*DATA*.
^^^^^^^^^^^^^^^^

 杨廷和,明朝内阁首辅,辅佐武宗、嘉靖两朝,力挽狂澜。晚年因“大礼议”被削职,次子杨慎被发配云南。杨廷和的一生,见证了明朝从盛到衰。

^^^^^^^^^^^^^^^^

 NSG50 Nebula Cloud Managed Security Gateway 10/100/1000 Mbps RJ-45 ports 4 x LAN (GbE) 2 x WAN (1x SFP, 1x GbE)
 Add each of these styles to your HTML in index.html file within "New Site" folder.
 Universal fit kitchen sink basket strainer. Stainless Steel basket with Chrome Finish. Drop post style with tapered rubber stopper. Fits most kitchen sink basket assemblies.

^^^^^^^^^^^^^^^^

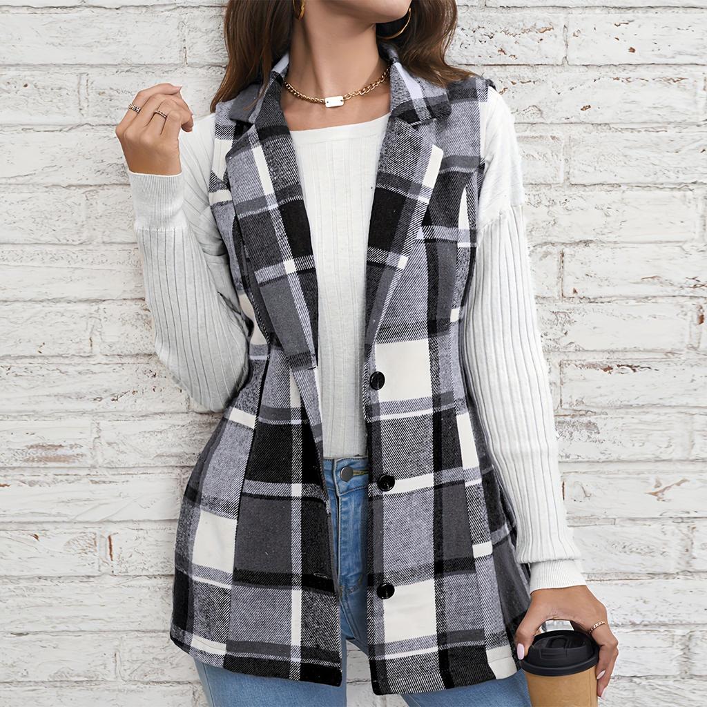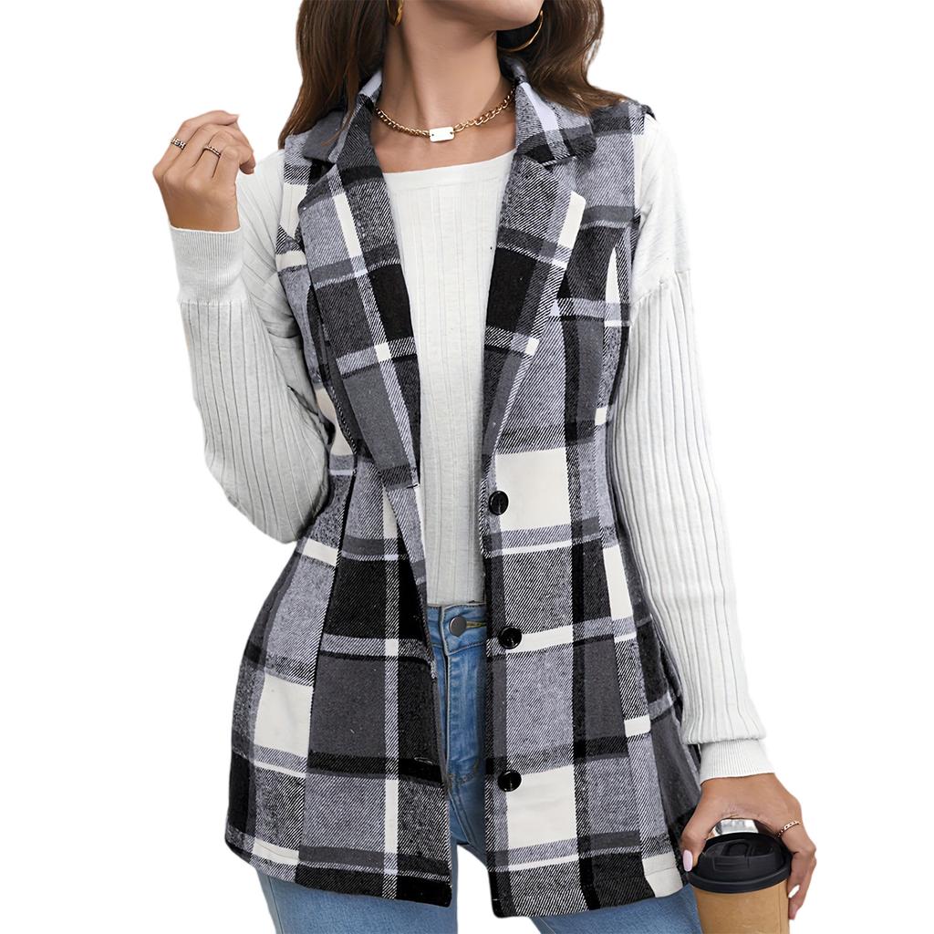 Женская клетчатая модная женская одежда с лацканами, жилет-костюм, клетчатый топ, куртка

^^^^^^^^^^^^^^^^

Return, word for word, the lines of the data above from the line with "Add each of" through the line with "Universal fit kitchen", inclusive.

*ANSWER FOR THE TASK*.
 Add each of these styles to your HTML in index.html file within "New Site" folder.
 Universal fit kitchen sink basket strainer. Stainless Steel basket with Chrome Finish. Drop post style with tapered rubber stopper. Fits most kitchen sink basket assemblies.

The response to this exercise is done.